_RECORD EXCERPTS_.
▽

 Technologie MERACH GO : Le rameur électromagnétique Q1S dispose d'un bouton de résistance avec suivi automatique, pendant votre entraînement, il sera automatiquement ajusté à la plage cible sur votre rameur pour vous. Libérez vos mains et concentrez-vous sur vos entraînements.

△
▽

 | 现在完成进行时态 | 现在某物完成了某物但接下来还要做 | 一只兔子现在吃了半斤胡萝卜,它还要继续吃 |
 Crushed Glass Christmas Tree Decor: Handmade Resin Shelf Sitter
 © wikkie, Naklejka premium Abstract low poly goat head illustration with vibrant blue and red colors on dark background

△
▽

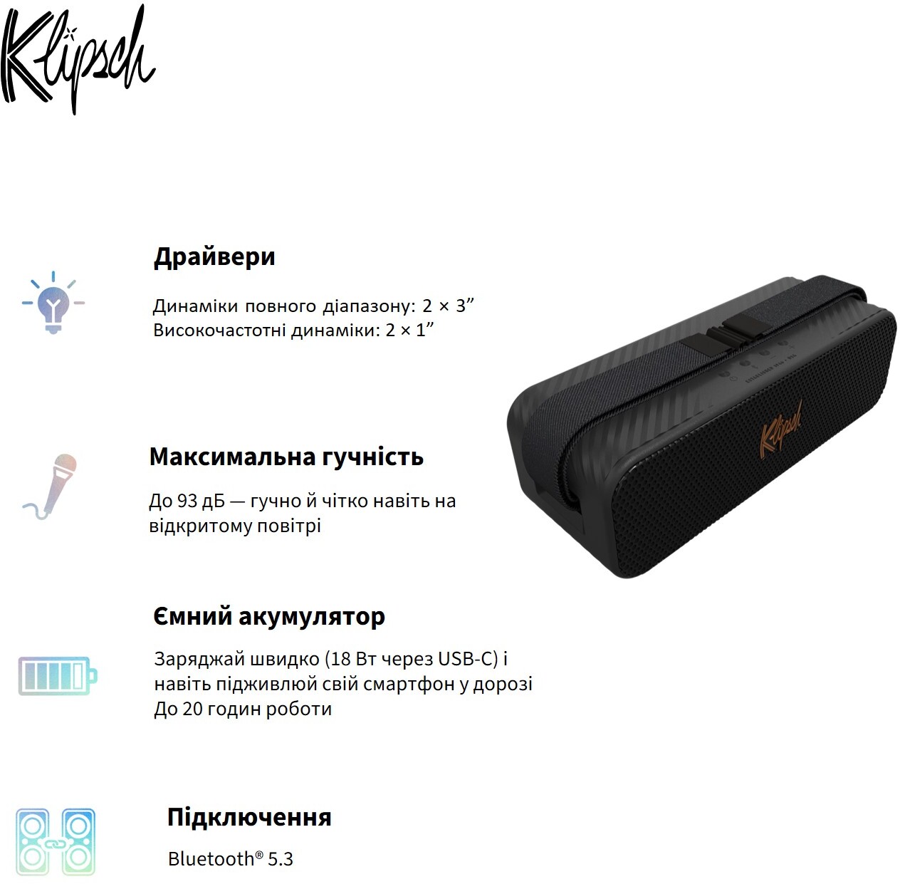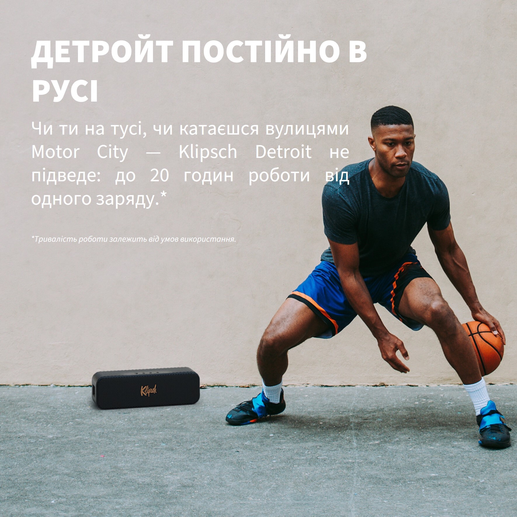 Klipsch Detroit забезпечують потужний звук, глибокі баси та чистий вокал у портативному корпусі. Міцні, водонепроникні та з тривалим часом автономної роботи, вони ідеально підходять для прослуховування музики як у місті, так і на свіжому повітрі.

△

_TASK STATEMENT_.
Of the entries listed above, reproduce only the lines starting at the line containing "Crushed Glass Christmas" and ending at the line containing "on dark background". Include both, exactly as they stand.

_TASK RESULT_.
 Crushed Glass Christmas Tree Decor: Handmade Resin Shelf Sitter
 © wikkie, Naklejka premium Abstract low poly goat head illustration with vibrant blue and red colors on dark background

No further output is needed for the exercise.